Enterprise JavaBeans v1.1, Final Release

EJB Architecture Client Responsibilities

The default mode is to propagate the caller principal from one component to another (i.e. the caller principal of the first enterprise bean in a call-chain is passed to the enterprise beans down the chain). In the absence of instructions from the Application Assembler, the Deployer should configure the enterprise beans such that this “caller propagation” mode is used when one enterprise bean calls another. This ensures that the returned value of getCallerPrincipal() will be the same for all the enterprise beans involved in a call chain.

15.4.4 Security management of resource access

The Deployer’s responsibilities with respect to securing resource managers access are defined in subsection 14.4.2.

15.4.5 General notes on deployment descriptor processing

The Deployer can use the security view defined in the deployment descriptor by the Bean Provider and Application Assembler merely as “hints” and may change the information whenever necessary to adapt the security policy to the operational environment.

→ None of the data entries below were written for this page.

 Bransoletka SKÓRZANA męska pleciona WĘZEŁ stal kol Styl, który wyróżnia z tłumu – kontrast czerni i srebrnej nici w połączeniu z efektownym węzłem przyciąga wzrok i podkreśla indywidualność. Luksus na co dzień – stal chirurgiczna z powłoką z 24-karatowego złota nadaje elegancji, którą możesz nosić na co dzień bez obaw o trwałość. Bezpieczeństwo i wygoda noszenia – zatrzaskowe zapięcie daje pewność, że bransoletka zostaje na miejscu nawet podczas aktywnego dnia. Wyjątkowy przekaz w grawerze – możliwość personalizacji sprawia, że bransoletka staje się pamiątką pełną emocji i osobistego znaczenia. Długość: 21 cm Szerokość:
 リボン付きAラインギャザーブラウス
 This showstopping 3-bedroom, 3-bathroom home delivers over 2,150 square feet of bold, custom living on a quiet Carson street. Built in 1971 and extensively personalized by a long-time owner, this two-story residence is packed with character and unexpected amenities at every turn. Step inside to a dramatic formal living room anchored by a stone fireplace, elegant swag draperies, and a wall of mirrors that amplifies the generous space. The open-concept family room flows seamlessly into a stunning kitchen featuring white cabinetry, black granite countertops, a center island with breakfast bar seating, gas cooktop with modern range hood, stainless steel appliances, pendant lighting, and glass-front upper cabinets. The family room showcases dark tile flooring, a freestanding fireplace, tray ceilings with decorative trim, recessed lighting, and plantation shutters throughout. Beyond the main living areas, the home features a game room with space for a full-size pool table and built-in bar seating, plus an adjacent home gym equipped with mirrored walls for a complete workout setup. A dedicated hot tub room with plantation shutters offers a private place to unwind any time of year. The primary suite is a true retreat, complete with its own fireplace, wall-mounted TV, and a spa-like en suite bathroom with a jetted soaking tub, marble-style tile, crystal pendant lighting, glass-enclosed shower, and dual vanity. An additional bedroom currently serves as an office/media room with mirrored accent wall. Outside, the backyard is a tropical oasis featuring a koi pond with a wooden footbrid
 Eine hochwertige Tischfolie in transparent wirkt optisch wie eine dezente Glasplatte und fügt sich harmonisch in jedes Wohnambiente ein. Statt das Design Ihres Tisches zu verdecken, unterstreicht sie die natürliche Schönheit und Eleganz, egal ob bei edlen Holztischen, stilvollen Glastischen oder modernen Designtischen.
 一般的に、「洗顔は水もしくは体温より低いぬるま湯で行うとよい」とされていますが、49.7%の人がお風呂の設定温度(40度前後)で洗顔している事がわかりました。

Since providing the security information in the deployment descriptor is optional for the Application Assembler, the Deployer is responsible for performing any tasks that have not been done by the Application Assembler. (For example, if the definition of security roles and method permissions is missing in the deployment descriptor, the Deployer must define the security roles and method permissions for the application.) It is not required that the Deployer store the output of this activity in the standard ejb-jar file format.

15.5 EJB Architecture Client Responsibilities

This section defines the rules that the EJB architecture client program must follow to ensure that the security context passed on the client calls, and possibly imported by the enterprise bean, do not conflict with the EJB Server’s capabilities for association between a security context and transactions.

These rules are:

A transactional client cannot change its principal association within a transaction. This rule ensures that all calls from the client within a transaction are performed with the same security context.

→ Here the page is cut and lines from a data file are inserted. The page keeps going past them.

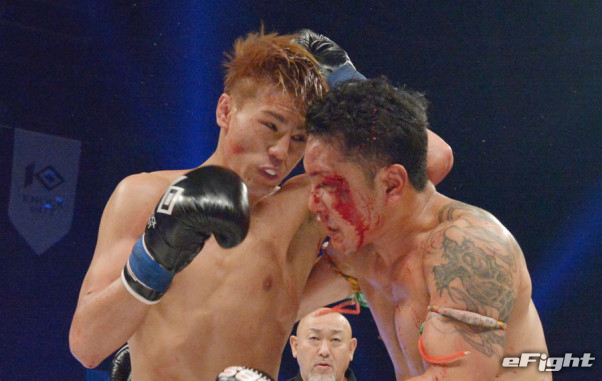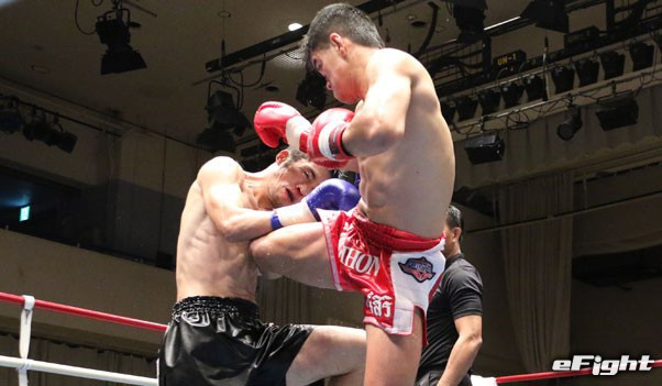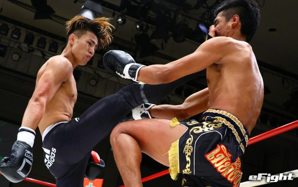 チャムアトーンの顔面に前蹴りを突き刺す海人
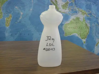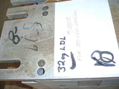 Used Uniloy 6-cavity mold number 60043 for 32 ounce LDL bottle. Includes trim tooling. Previously used with Uniloy model 350R and 250R Other. Part wt. without flash 49 grams.
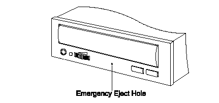If for any reason the tray does not eject automatically, insert and press an eject-bar inside the emergency eject hole to manually eject the tray. A straightened paper clip with a diameter of 1.2 mm (typical) can be used as an eject-bar.
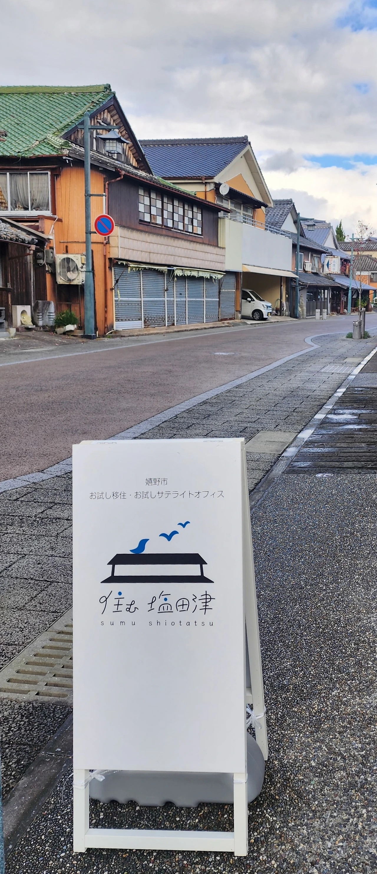 에도시대에 쌀가게였다는 안내판이 붙은 가옥이나 기념품 가게가 보인다. 보존 건물 사이로 현대적인 간판과 인테리어로 꾸민 카페와 식당 등이 섞여 있었다. 옛 가옥의 지붕 위로 파랑새가 날아가는 모양의 입간판이 눈에 띄었다. 단순하면서도 시오타츠를 상징할 수 있는 개성 있는 디자인으로 보인다.
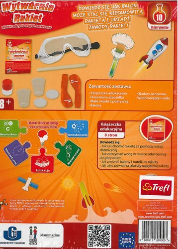 Dowiedz się, jak balon może stać się niesamowitą rakietą i urządź zawody rakiet! Zawartość zestawu: Książeczka edukacyjna Drewniana szpatułka Małe miarki z pokrywką Balony Okulary ochronne Wodorowęglan sodu. Dla dzieci w wieku od 8 lat.
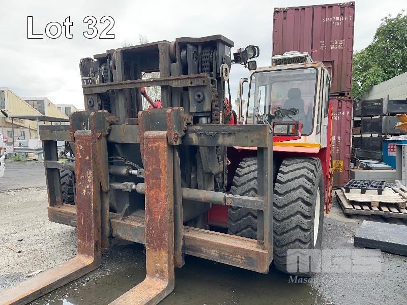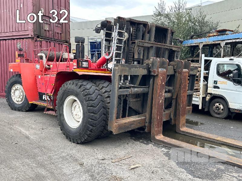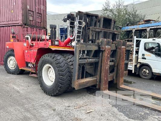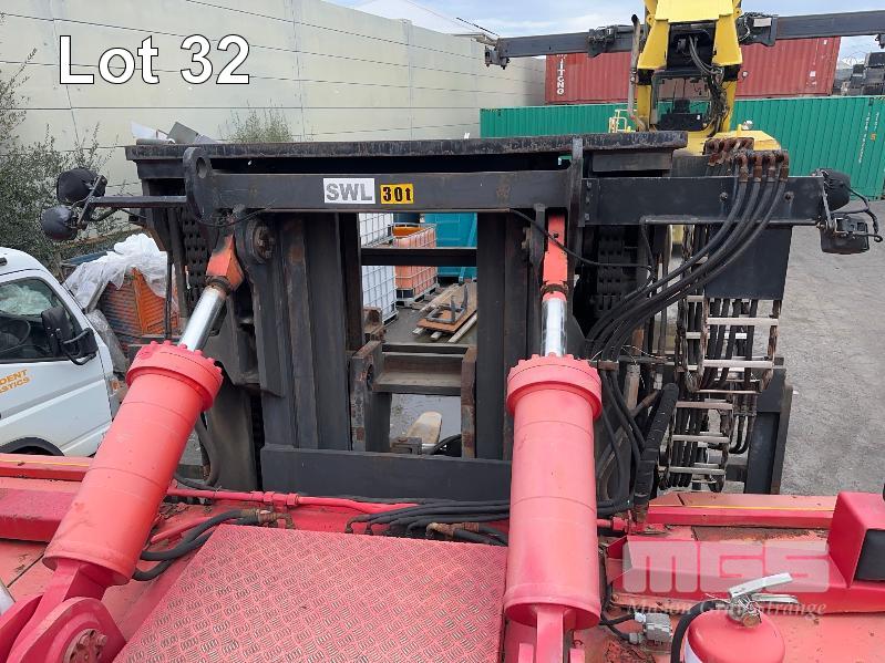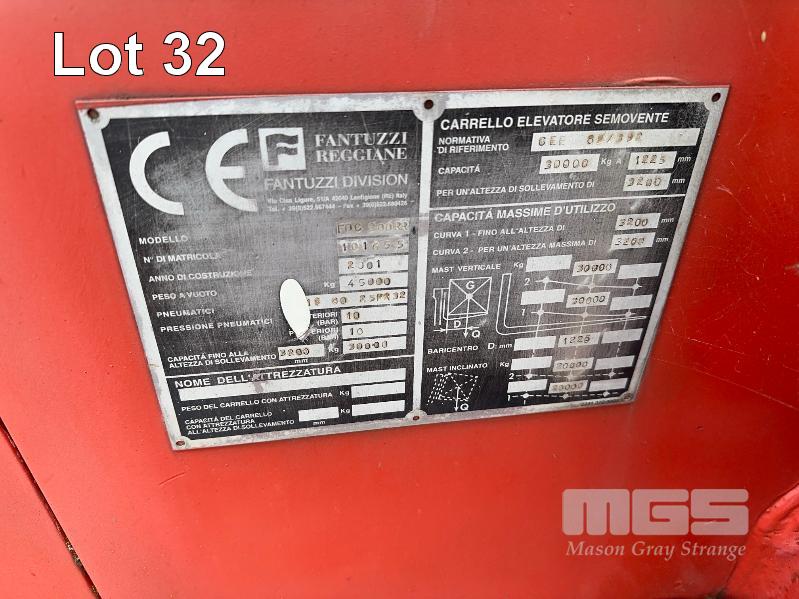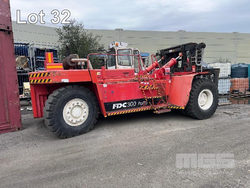 FANTUZZI (30 TON) LOW MAST CONTAINER LOADING FORK MODEL: FDC300RR DOM: 2001 CAPACITY: 30000kg @ 3200mm CENTER S/NO:101665 3 STAGE MAST, PNEUMATIC TYRES 2400mm BLADES VOLVO 6CYL TURBO DIESEL ENGINE
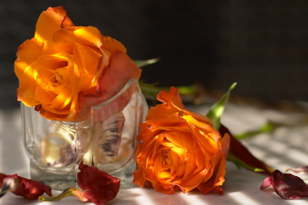 Moody Floral background with red and orange roses on dark background with copy space, floral design, selected focus.

A Session Bean’s client must not change its principal association for the duration of the communication with the session object. This rule ensures that the server can associate a security identity with the session instance at instance creation time, and never have to change the security association during the session instance lifetime.

If transactional requests within a single transaction arrive from multiple clients (this could happen if there are intermediary objects or programs in the transaction call-chain), all requests within the same transaction must be associated with the same security context.